Back to the original code

So, I didn't quite show the original code in this post, but I do revisit it to do the bulk of the pull. Now, I could've just used something like wget or cURL to pull down the raw pages, but Google adds in this little cache header that I wanted to remove for my partner. This is the main reason I went back to my code.

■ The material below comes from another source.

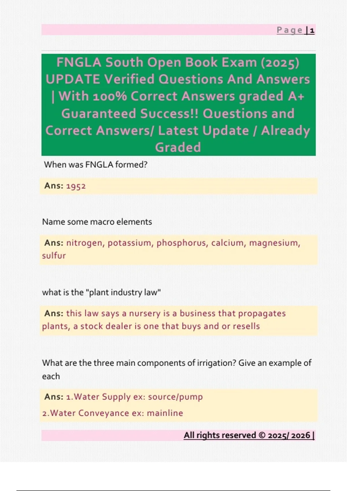 FNGLA South Open Book Exam (2025)

In combination with the x/net/html package and some scratch code, I was able to strip out the content and write the raw HTML to disk.

func main() {
    res, err := http.Get(os.Args[1])
	if err != nil {
		panic(err)
	}
    defer res.Body.Close()

    doc, err := html.Parse(res.Body)
    if err != nil {
        panic(err)
    }

    var (
        title string
        fn    func(n *html.Node)
    )

    fn = func(n *html.Node) {
        if n.Type == html.ElementNode {
            switch n.Data {
            case "body":
                for _, attr := range n.Attr {
                    if attr.Key == "id" {
                        title = attr.Val
                    }
                }
            case "div":
                for _, attr := range n.Attr {
                    if attr.Key == "id" && strings.HasSuffix(attr.Val, "__google-cache-hdr") {
                        n.Parent.RemoveChild(n)
                    }
                }
            }
        }

        for c := n.FirstChild; c != nil; c = c.NextSibling {
            fn(c)
        }
    }
    fn(doc)

    var (
        d = filepath.Join("data", "raw")
        f = fmt.Sprintf("%s.html", filepath.Base(title))
    )
    if err := ioutil.WriteFile(filepath.Join(d, f), []byte(render(doc)), 0644); err != nil {
        panic(err)
    }
}

It's worth noting, this is meant to be quick and dirty code, not pretty. Once we've got this and it works with 1 URL, it's time to get it to work with many. Let's use a simple bash script for this one.

#!/bin/bash

get () {
    # include some random sleeps as to not irritate the Google god
    sleep $[ ( $RANDOM % 10 ) + 1 ]s
    go run main.go "$1"
}

# loop through the list of URLs and pass it to the newly minted `get` func
# and place the call in the background to make things a little 'faster'
for i in `cat urls.txt`; do
    echo "${i}"
    get ${i} &
done

# need to wait for all those background tasks to finish
wait
exit 0

Conclusion

So… With a bit of Javascript, bash, and Go we've got as much back as Google had. From here, I handed the HTML over to my partner to copy ‘n paste the content to their hearts desire. I could continue, help strip the actual blog content out, and push to the Shopify API. This wasn't their priority at the moment. It's now time to get them on a backup plan. More to come on that.